The task
Repeat every record exactly, but omit the images.

Data excerpts
::::::::::

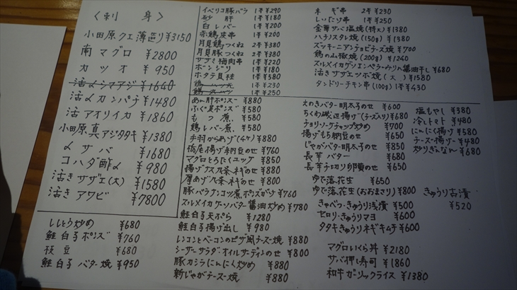 2つ目の初めては夕食。湿性花園近くの仙石原で人気居酒屋「かや香」です。19時にカウンター席を予約し約1時間30分、夕食を楽しみました。入店すると一階にある6つのテーブルは満席、仙石原とは思えないような賑わいです。
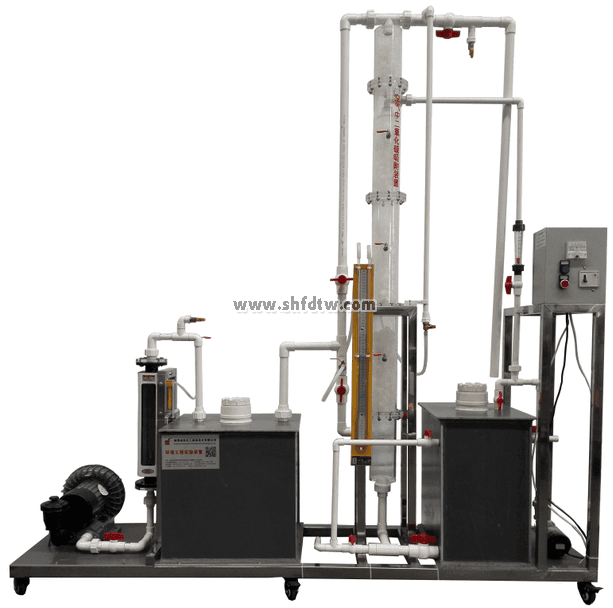 有機玻璃三段填料塔、液體緩沖箱、氣體緩沖箱、進出口風管、渦輪氣泵、噴淋系統(tǒng)、加液泵、氣體流量計、液體流量計、SO2氣體鋼瓶、減壓器、SO2氣體流量計、電控箱、管道閥門、不銹鋼支架。
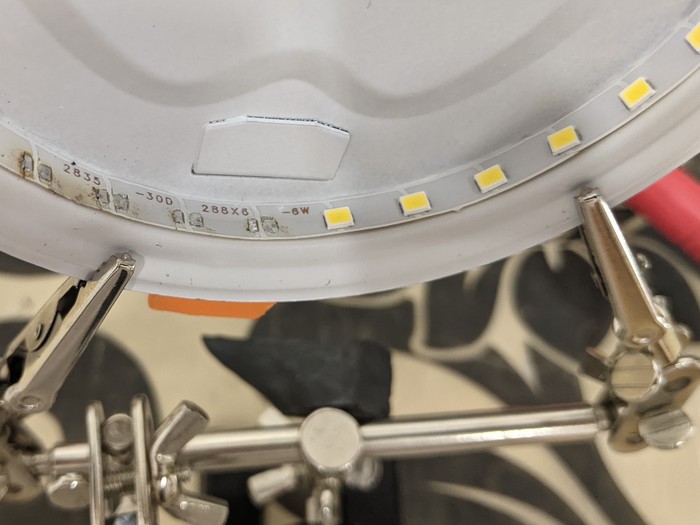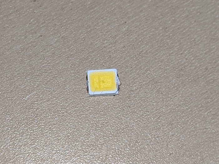 После того, как успешно справились с выпаиванием, смотрим восстанавливаемый светильник и находим виновника. Найти его, как правило, не составляет труда - на нём чётко видно чёрную точку (иногда точка размером с светодиод).
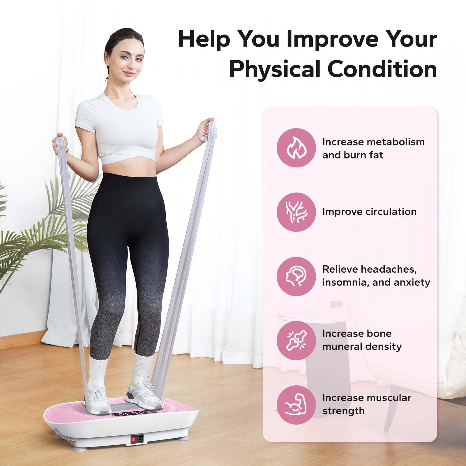 С виброплатформата MERACH CV30 Pro Pink можеш да започнете тренировка, дори без да напускате дома си. Само 20 минути на ден са достатъчни, за да усетите промяната.
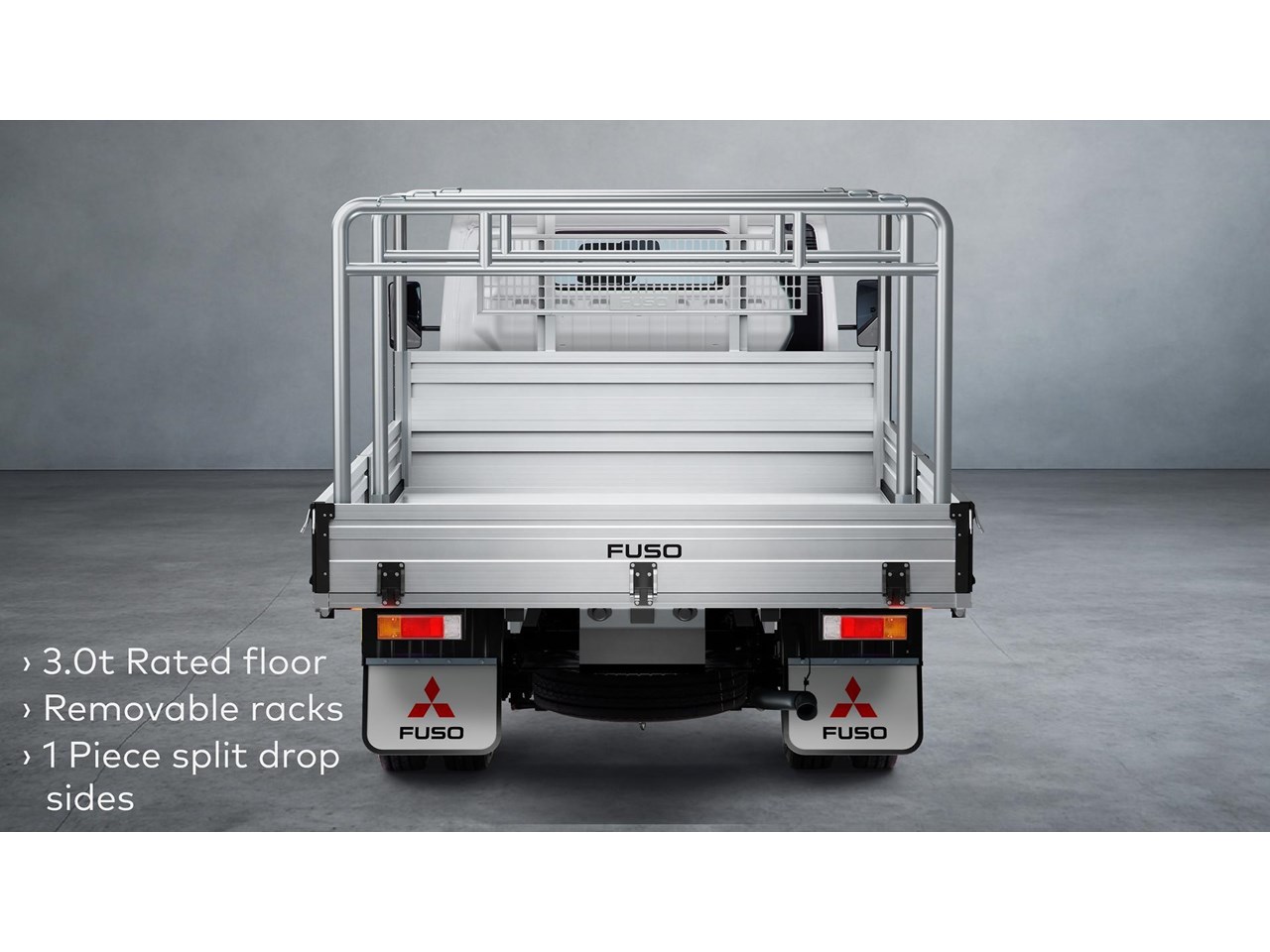 Optimised for urban performance, drop sides, middle racks and rear racks are removable at will-go from ladder-carrier to flatbed in minutes. All with the reliable backbone of Fuso's wide-cab

::::::::::

Output below
 2つ目の初めては夕食。湿性花園近くの仙石原で人気居酒屋「かや香」です。19時にカウンター席を予約し約1時間30分、夕食を楽しみました。入店すると一階にある6つのテーブルは満席、仙石原とは思えないような賑わいです。
 有機玻璃三段填料塔、液體緩沖箱、氣體緩沖箱、進出口風管、渦輪氣泵、噴淋系統(tǒng)、加液泵、氣體流量計、液體流量計、SO2氣體鋼瓶、減壓器、SO2氣體流量計、電控箱、管道閥門、不銹鋼支架。
 После того, как успешно справились с выпаиванием, смотрим восстанавливаемый светильник и находим виновника. Найти его, как правило, не составляет труда - на нём чётко видно чёрную точку (иногда точка размером с светодиод).
 С виброплатформата MERACH CV30 Pro Pink можеш да започнете тренировка, дори без да напускате дома си. Само 20 минути на ден са достатъчни, за да усетите промяната.
 Optimised for urban performance, drop sides, middle racks and rear racks are removable at will-go from ladder-carrier to flatbed in minutes. All with the reliable backbone of Fuso's wide-cab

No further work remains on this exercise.